Wie traurig es ist, dass diese Zeit die Menschen solch einer Verführung aussetzt, sich zu verkleiden, sich zu verstecken, sich zu verstellen, sich zu verleugnen, sich zu verirren, sich umzumodellieren, sich etwas vorzumachen und im selben Augenblick andere zu manipulieren und zu täuschen.

 

Die Menschen machen alle freiwillig mit, ohne Zwang, mit Freude und Ausdauer nehmen sie an diesem Spiel des Lebens teil, ohne darüber nachzudenken.

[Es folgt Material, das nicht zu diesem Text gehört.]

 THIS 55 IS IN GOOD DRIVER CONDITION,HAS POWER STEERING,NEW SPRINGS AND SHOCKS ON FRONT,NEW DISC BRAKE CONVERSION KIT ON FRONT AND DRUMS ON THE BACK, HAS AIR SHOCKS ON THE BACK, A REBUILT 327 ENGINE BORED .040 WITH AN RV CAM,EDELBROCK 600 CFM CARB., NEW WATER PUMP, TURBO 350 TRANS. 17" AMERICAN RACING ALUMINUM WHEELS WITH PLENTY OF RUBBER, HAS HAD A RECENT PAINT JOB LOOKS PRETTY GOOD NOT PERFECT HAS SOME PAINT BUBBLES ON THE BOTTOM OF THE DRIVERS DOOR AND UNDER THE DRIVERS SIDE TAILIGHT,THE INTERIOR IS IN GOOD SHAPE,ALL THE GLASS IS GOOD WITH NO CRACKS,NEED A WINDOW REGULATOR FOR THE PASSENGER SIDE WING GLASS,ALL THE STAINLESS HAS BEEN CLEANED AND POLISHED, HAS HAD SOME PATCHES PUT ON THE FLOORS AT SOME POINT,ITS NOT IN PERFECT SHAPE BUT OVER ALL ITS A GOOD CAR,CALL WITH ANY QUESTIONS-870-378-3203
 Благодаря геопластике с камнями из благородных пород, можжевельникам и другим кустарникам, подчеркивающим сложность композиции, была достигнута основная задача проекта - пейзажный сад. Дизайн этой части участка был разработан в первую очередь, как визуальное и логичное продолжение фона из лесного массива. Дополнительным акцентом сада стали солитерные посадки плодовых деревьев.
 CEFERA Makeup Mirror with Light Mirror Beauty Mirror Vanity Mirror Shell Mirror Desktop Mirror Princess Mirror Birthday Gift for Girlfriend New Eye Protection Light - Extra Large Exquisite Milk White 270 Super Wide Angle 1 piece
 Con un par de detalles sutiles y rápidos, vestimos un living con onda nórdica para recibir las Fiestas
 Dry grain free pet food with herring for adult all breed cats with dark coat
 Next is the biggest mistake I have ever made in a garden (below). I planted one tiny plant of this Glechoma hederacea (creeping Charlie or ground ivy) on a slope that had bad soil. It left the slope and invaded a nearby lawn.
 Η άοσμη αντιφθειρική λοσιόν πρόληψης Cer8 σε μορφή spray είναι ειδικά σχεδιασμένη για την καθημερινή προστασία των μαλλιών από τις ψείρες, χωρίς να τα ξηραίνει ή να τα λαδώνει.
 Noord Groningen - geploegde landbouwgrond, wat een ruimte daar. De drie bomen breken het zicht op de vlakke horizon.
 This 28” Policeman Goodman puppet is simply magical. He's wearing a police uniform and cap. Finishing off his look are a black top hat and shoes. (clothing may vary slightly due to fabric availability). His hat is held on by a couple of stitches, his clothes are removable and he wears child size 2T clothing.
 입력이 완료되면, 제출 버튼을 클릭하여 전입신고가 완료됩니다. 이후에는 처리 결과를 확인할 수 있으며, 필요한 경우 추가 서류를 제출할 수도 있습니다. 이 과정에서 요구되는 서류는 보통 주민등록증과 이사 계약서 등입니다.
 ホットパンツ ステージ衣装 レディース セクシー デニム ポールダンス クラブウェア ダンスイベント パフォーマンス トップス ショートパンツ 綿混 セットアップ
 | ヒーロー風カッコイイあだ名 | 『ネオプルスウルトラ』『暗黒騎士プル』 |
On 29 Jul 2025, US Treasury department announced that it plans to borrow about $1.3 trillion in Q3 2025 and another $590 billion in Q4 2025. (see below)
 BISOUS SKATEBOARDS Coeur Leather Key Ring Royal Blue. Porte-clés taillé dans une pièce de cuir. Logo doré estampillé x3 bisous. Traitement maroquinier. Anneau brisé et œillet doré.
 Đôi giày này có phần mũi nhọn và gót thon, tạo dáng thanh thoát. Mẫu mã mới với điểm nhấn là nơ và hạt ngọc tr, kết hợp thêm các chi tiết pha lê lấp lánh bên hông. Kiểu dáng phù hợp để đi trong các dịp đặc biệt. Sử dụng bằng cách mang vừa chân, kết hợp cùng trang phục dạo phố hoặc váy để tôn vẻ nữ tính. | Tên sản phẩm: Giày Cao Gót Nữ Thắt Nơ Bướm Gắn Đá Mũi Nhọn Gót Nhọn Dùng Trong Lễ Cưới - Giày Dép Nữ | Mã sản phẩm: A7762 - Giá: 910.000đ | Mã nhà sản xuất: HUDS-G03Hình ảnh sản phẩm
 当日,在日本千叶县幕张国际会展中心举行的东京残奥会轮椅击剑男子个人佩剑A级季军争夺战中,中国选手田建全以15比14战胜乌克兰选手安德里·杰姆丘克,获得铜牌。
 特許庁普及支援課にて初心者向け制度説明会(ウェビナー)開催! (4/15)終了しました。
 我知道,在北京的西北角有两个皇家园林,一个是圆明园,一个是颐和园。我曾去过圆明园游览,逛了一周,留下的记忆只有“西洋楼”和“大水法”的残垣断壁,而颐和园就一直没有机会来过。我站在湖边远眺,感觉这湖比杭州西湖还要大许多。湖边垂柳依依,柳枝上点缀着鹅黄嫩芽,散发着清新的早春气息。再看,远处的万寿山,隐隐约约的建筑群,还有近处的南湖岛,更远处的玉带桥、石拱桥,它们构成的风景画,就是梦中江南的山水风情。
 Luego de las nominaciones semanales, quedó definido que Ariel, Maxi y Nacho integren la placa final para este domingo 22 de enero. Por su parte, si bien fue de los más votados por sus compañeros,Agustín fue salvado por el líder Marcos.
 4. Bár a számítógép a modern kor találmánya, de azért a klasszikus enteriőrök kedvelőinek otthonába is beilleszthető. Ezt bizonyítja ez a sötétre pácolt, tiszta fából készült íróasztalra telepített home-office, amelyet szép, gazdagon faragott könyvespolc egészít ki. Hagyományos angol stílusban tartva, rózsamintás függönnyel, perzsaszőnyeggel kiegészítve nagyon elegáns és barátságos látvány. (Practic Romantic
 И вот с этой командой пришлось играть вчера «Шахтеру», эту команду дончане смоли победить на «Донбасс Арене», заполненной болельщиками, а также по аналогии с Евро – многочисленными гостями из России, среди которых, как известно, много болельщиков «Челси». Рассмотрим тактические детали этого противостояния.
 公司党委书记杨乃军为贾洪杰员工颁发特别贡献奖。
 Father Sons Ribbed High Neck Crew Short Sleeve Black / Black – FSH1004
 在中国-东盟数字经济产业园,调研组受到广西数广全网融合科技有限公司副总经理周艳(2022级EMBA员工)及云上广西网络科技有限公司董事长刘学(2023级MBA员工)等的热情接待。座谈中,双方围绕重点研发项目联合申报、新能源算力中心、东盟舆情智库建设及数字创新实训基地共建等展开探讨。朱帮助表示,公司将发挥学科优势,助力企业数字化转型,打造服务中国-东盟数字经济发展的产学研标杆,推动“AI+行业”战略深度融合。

Das Netz trennt die Menschen voneinander, macht sie zu Süchtigen, Abhängigen, die ohne diesem nicht mehr existieren können, die ihr Leben auf Knopfdruck abspulen und die wahre Schönheit des Daseins nicht mehr wahrnehmen, Gefühle nicht mehr spüren, Begegnungen nicht mehr erleben, Stimmen nicht mehr hören, Gerüche nicht mehr riechen, Hände nicht mehr halten, Münder nicht mehr küssen, Füße nicht mehr bewegen, den sternenklaren Nachthimmel nicht mehr sehen und somit blind, taub und gefühlskalt sind, zu Robotern mutieren, Marionetten dieses Netzes werden, Gefangene einer vorrangig so heilen Welt sind, die sie allerdings schön langsam, schleichend und dann überraschend vernichtet und auffrisst.

Wo bringt dieses Netz die Menschen hin, frage ich mich.

 

Wie viele Menschen sind Teil davon, machen mit in der drahtlosen Welt des Wahnsinns, tauchen immer wieder ein, um der Einsamkeit zu entrinnen, der sie trotz allem nicht entkommen können, denn wenn sie sich ausklicken aus dem Netz der scheinbaren Verbindungen, fühlen sie die Einsamkeit stärker, als zuvor.